*DIRECTIONS*.
For this exercise, retype the lines from the one that holds "План презентации проекта" through the one that holds "CHENYISHI Chinese Style" in the records below, both included, exactly and without pictures.

*ENTRIES SUPPLIED*.
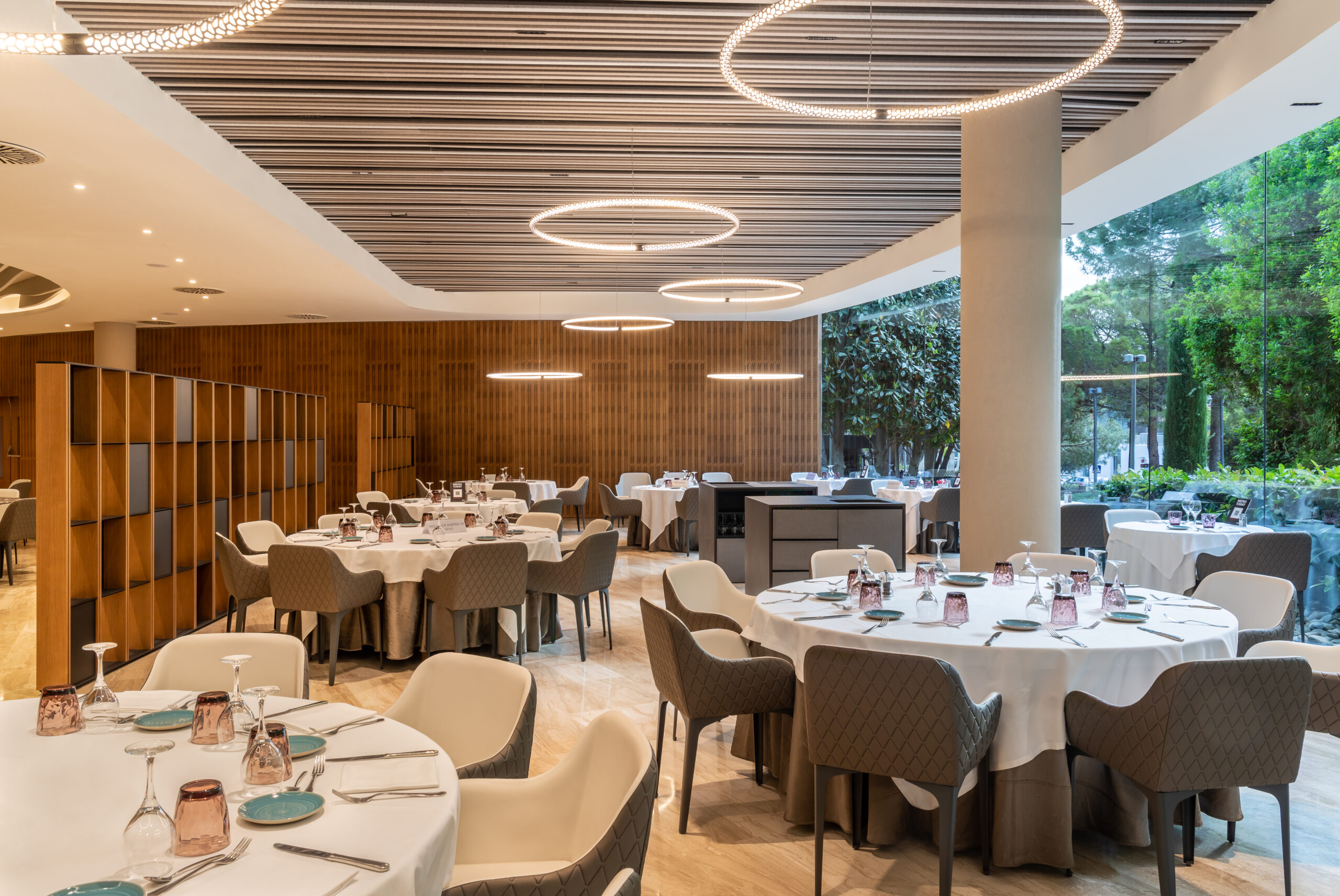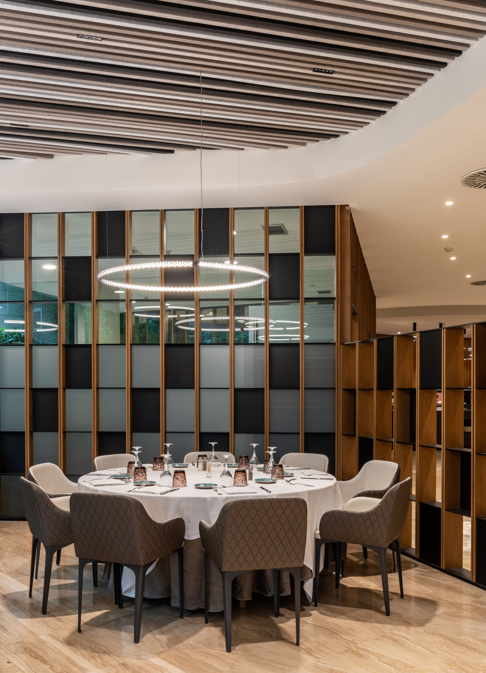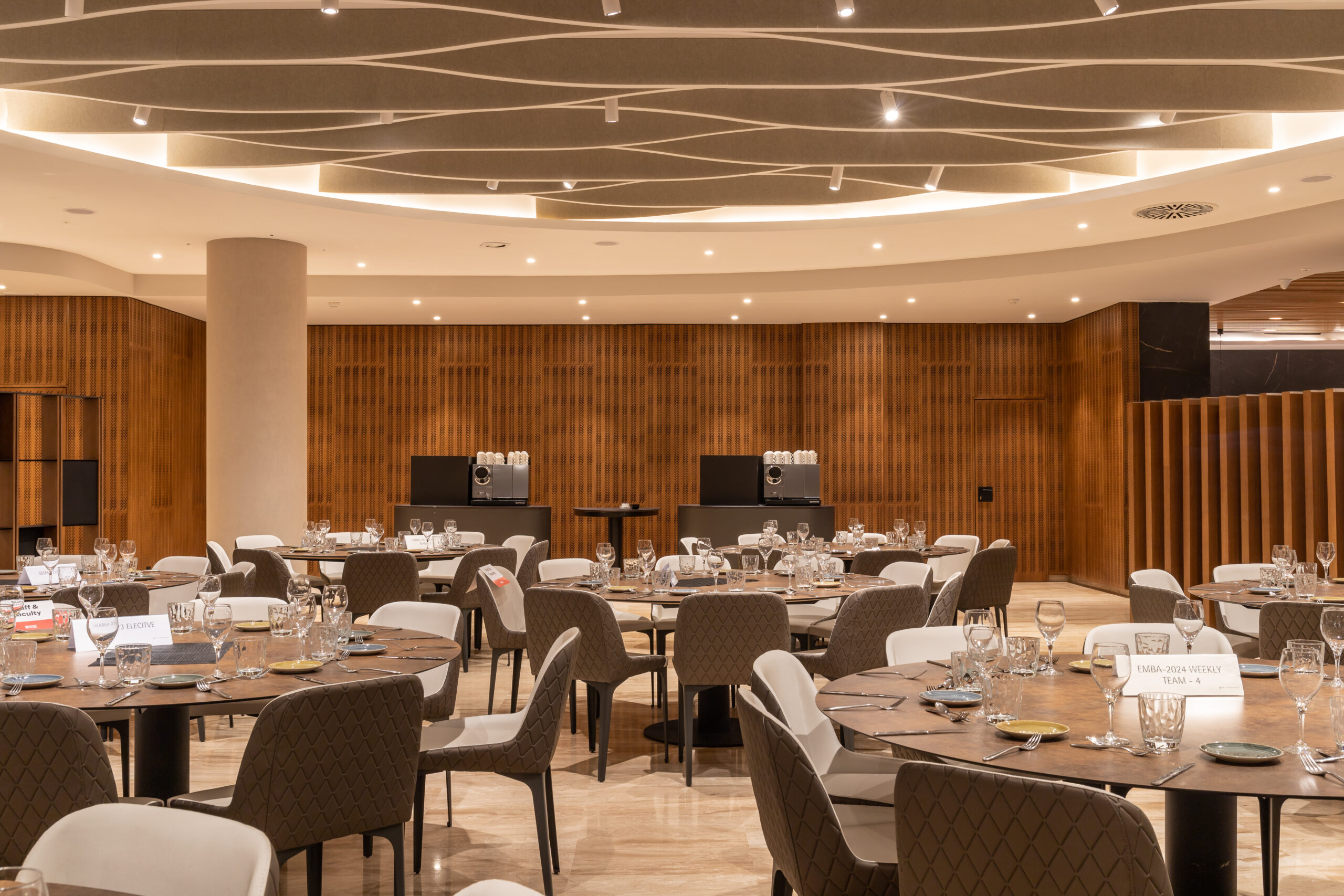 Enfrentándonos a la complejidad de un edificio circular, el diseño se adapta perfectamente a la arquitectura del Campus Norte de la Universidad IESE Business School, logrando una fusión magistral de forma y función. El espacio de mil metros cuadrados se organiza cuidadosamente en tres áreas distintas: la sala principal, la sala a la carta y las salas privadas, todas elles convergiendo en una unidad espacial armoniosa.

==

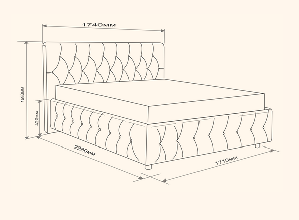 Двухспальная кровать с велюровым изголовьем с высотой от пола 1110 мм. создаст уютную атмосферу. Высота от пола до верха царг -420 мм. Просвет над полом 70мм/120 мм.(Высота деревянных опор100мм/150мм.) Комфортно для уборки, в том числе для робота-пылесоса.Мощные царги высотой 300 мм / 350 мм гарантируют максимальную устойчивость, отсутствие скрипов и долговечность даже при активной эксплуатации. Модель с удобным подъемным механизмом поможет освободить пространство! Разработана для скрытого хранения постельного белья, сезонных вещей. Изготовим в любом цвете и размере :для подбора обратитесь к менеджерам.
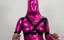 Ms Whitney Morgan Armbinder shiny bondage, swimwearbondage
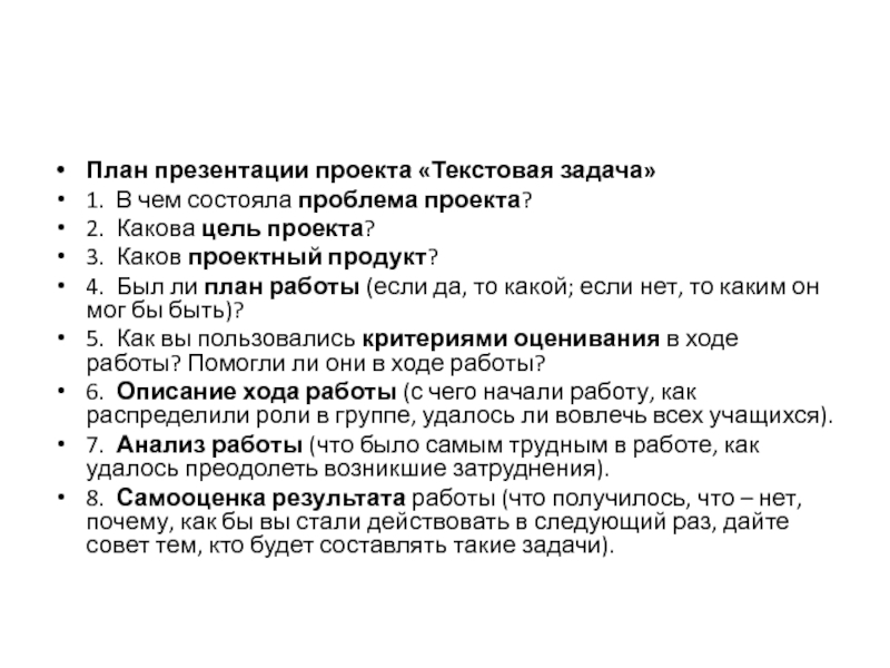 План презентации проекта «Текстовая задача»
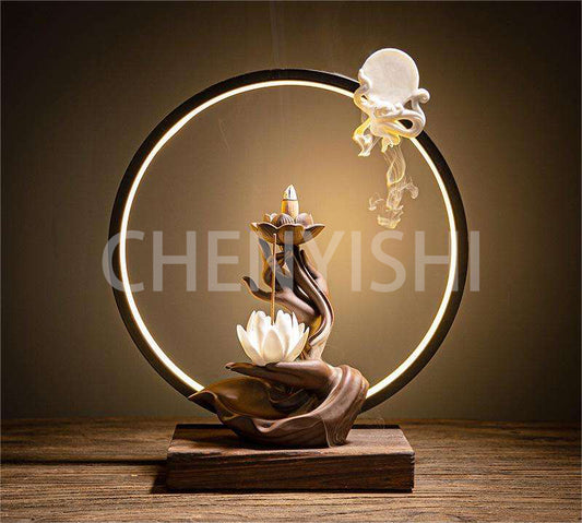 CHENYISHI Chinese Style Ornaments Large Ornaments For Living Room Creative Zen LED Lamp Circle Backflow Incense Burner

*REPLY TO THE TASK*.
 План презентации проекта «Текстовая задача»
 CHENYISHI Chinese Style Ornaments Large Ornaments For Living Room Creative Zen LED Lamp Circle Backflow Incense Burner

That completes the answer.